Conscious Supply Chain
Posts
Forecasting: Learning from Competitions: Issue 06

Forecasting: Learning from Competitions: Issue 06

What can one of the largest retail forecasting competition teach us?

Leon Hergert
July 06, 2025

“Let me do a moving average on the data to get a baseline”

OK - think about it, why did you do a moving average? What made you think this is the best method?

From my experience - it is usually either a (1) knowledge or (2) technical limitation problem.

So to recap again, why do we need different forecasting methods?

Because demand behaves very differently across SKUs: Some series are smooth and seasonal while others are sparse or erratic, no single algorithm can capture every pattern well.
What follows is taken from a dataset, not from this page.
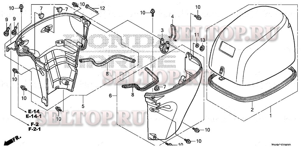 Крышка двигателя для Honda BFP9.9DK3 XRTA, взрыв-схема:

What can we learn from one of the largest forecasting competitions?
M5 - Accuracy competition on a Walmart Retail data set:

Blend a few smart models, beat the classic forecast.
By simply averaging six variations of one machine-learning model (LGBM), the M5 champion cut forecast error by 22 % compared with the best old-school exponential-smoothing approach (which is still WAY better than a mov avg.).

Cross-learning scales accuracy. Training global models across >40k related series instead of one model per SKU let winners exploit patterns shared between stores, categories and states.

As you drill down, noise multiplies. Each step down the hierarchy adds variance, making fine-grained forecasts harder. Smart teams set different error targets, model mixes, and safety-stock rules for each tier instead of chasing a one-number standard.

Forecast error varies by aggregation level

Reminder: How do we validate the best method?

Take your historical sales data and hide the most-recent monthly block.

Train each candidate model on the earlier history, have it forecast those hidden days, and score the error with a specific metric (MAE, MAPE, …).

Walk the window back and repeat this “train-then-test” cycle multiple times.

The method that wins those rolling checks is the one you move into production.

This is called cross-validation - one of the most important aspects to forecast ‘the right way’.

How can I get the best method possible for my data?

Well, you usually have three options.

Note: I am deliberately not mentioning ERP submodules. They are much worse than using excel. If you’re going down that path to “plan demand” - I can only recommend to rethink this decision.

So it boils down to: Using your spreadsheet, build it yourself (e.g. with Python) or using a special software for demand & supply planning:

Stay in Excel
• Time to value: Instant
• Tech overhead: None
• What you get: Familiar UI
• Hidden costs: No cross-validation, no ML, version chaos, breaks at scale

Build in Python
• Time to value: 6-12 months
• Tech overhead: High (data engineers, MLOps)
• What you get: Unlimited modeling with forecasting library
• Hidden costs: Infra, deployment, ERP/WMS integration, maintenance

Software like Spherecast
• Time to value: <14 days
• Tech overhead: Low (SaaS)
• What you get: Multi-model engine, auto cross-validation, API connectors
• Hidden costs: Less DIY control, initial algorithm customization is managed for you

I recommend: Try your spreadsheet and feel the limitations for yourself. Sooner or later the realization will come that - for a professional supply chain org - these are not enough.

If there is one takeaway today: Start using modern forecasting techniques!

-Leon